### Description of the task
Please copy, exactly as they appear below, the lines from the one containing "Flow cytometry dot" through the one containing "12M- Rosaline Collection".

(Material shown)

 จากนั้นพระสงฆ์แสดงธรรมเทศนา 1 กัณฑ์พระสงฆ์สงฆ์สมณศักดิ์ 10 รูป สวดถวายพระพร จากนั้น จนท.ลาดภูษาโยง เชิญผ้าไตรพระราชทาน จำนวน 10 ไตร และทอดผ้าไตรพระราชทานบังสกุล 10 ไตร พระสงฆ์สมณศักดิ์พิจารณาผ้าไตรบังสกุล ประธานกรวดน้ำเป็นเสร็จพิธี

(End Material shown)
(Material shown)

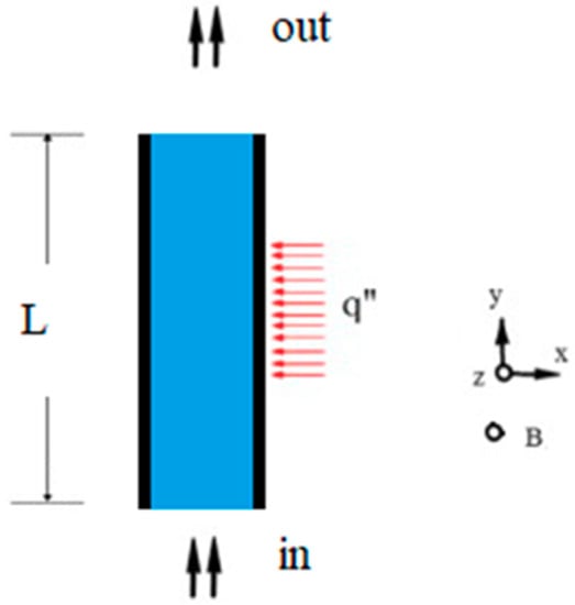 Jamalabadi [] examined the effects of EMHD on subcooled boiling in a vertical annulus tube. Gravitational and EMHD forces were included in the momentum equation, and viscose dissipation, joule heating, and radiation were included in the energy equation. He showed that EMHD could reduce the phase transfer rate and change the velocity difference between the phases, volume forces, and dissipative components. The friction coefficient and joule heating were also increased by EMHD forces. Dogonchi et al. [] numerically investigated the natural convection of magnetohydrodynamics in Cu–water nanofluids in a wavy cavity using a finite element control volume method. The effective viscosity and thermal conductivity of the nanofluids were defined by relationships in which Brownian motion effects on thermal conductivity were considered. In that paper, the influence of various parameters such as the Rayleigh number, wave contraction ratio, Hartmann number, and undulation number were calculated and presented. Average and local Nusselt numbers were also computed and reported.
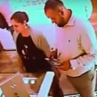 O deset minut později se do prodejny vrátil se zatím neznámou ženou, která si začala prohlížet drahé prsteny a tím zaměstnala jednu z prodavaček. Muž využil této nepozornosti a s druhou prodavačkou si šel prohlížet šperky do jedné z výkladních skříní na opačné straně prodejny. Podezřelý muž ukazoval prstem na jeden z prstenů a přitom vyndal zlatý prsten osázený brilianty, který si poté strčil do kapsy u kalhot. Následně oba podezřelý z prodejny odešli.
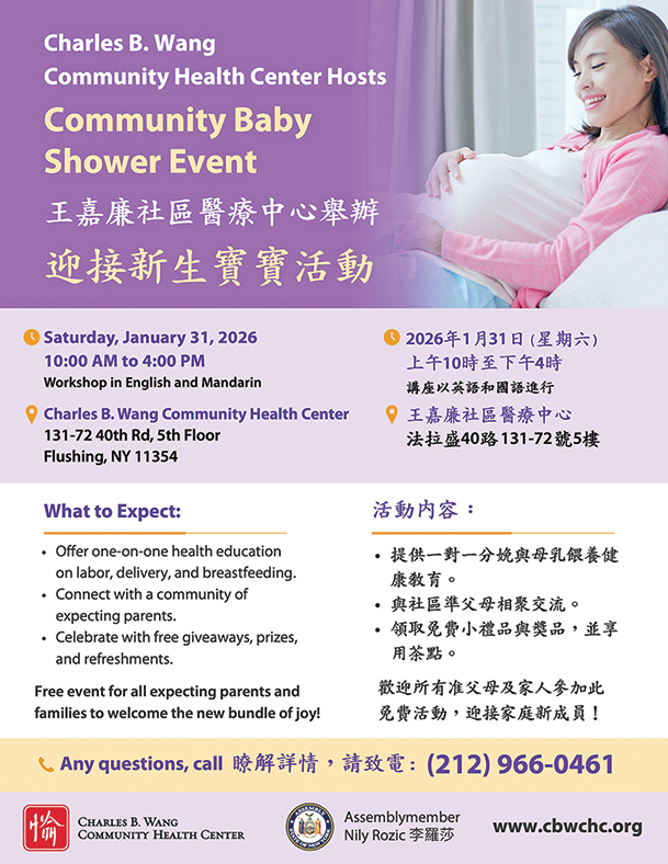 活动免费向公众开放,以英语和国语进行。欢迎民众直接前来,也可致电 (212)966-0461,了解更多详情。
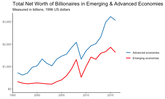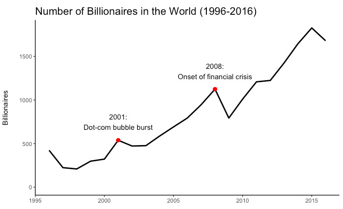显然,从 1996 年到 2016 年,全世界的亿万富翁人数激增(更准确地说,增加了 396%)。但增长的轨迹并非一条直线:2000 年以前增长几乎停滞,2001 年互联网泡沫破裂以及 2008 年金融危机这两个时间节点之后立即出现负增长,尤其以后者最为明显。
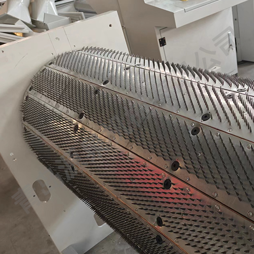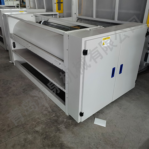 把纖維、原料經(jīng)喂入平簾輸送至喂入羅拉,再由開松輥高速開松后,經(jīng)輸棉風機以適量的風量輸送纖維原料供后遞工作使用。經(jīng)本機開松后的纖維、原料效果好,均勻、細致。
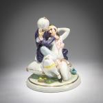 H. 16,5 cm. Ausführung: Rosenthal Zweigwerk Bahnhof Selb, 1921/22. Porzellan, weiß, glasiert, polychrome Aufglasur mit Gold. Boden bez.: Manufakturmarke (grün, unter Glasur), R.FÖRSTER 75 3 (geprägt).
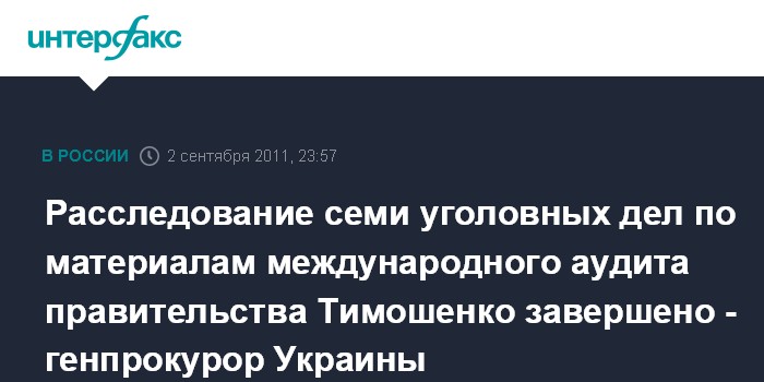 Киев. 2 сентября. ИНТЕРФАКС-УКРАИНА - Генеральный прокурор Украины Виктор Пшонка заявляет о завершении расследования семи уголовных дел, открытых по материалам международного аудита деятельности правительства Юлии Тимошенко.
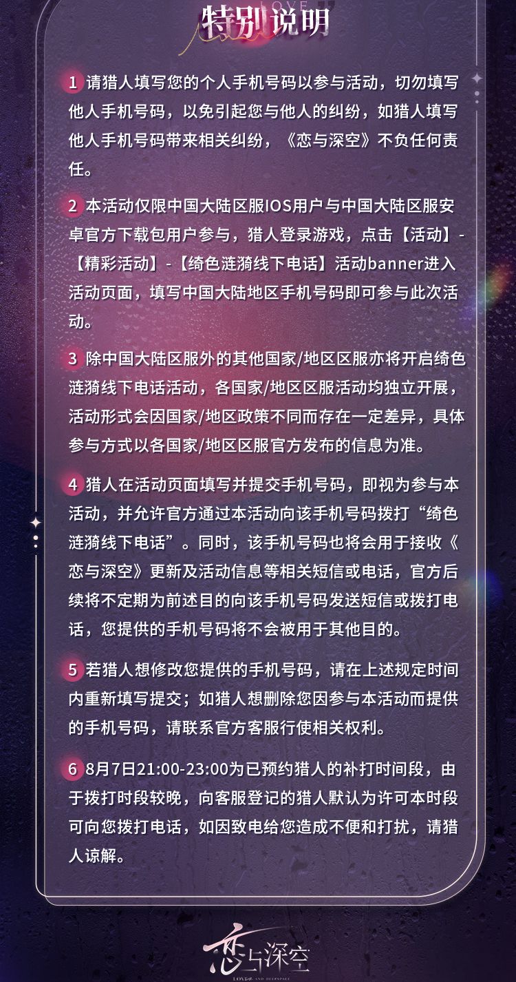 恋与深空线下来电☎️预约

(End Material shown)
(Material shown)

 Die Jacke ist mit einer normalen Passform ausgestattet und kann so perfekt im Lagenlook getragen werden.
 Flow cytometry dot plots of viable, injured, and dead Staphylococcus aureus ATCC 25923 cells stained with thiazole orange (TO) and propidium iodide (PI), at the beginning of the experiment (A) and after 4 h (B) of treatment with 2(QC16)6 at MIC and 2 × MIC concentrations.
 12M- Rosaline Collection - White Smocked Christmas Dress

(End Material shown)

### Answer to the exercise
 Flow cytometry dot plots of viable, injured, and dead Staphylococcus aureus ATCC 25923 cells stained with thiazole orange (TO) and propidium iodide (PI), at the beginning of the experiment (A) and after 4 h (B) of treatment with 2(QC16)6 at MIC and 2 × MIC concentrations.
 12M- Rosaline Collection - White Smocked Christmas Dress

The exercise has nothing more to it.